Point of View — The Value of Variety


InkyI finished Dean Koontz’s book Devoted not that long ago (wonderful book by the way–I highly recommend it), and it got me thinking about how omniscient point of view is sometimes a neglected art. The POV, by the way, is expertly handled by Koontz who uses the point of view–changing/shifting and swapping–as only a master can. (How lovely to have the dog’s POV–actually, several dog’s POV–as a main element in the story. The story wouldn’t have worked without that.) And that left me wondering if it really is a matter that omniscient POV can be tough to pull off gracefully.

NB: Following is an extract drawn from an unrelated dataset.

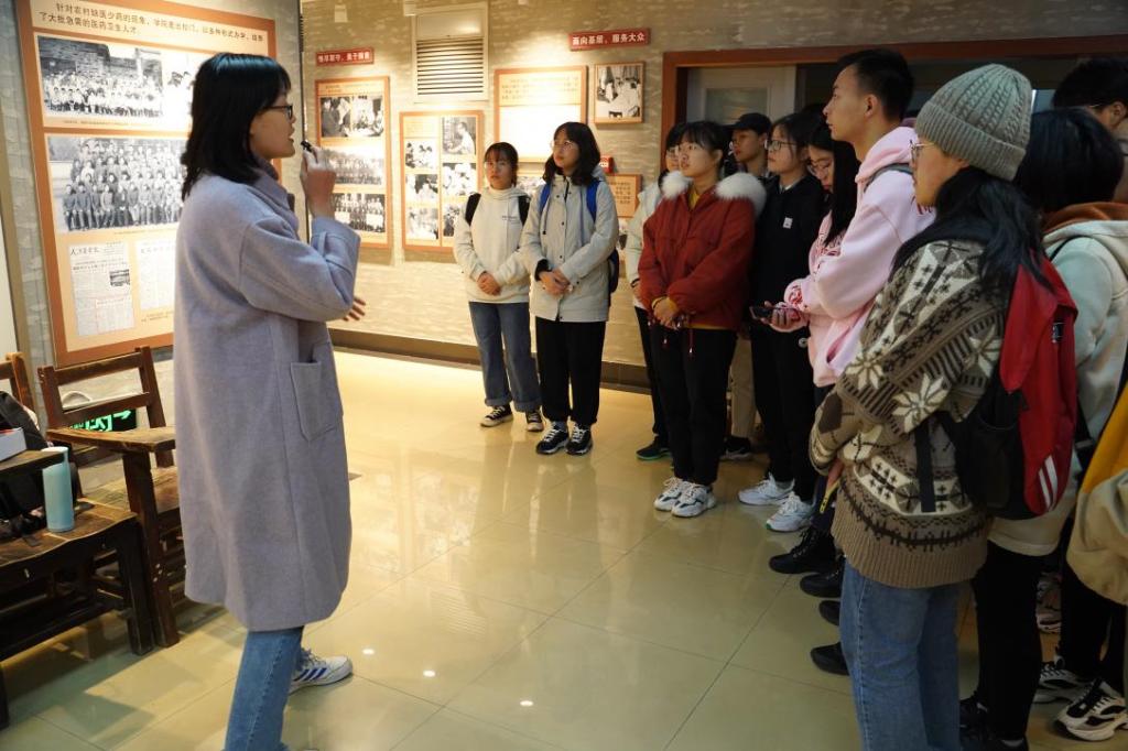 在结束室内见面会后,由预防18级的学长学姐们分小班带领学弟学妹们进行同济医学院校园的参观。来到院史文化长廊,预防16级的张毅学姐给同学们详细介绍了同济医学院的历史、现状及未来。

Now…first person is easier in some respects. One person, one point of view, and that’s that. However, I’ve read really weak first person that gets stuck in too much I…I…I. The best Urban Fantasy pulls off great first person ( Rebecca Roanhorse springs to mind–fabulous books and great writing that pulls you in).

Then there’s third person, most commonly used for romance, since it lets you swap between characters but you can still do deep POV. This is my preferred way to write viewpoint. However, I’ve often dipped into first person for a scene and then switched it over to third person to get that deeper point of view. I find this lets me dig more into my characters’ emotions, which is important with any romance (or almost any novel).

But I’ve heard from young writers that they’ve been bashed when using omniscient, and accused of “head hopping” which is not really a valid critique if you’re using omniscient, which can be a powerful tool.

I think part of this is a stylistic choice. Urban Fantasy–first person. Thrillers or suspense–omniscient. Mystery–pretty much first person, but some will go for third person. And romance–third person, except for those break-out books that dare first person, but rare to find omniscient unless you step back in time. I’ve been enjoying the reissues of Elizabeth Cadell’s books which are a delight, and were written decades ago when a novel was a novel and she’s not shy about mixing up point of view, as well as putting in romance, suspense, mystery, a murder in some, and even paranormal if the story goes that way. A true story teller with a gift.

All of this boils down to what does the story need? What’s the writer’s preference? And how is the story best told. Thankfully, with self-publishing the world seem to be getting back to a good story well told, and “the rules” can be bent to suit the tale. It’s about the writer using their skills to the best purpose. Which is how it should be.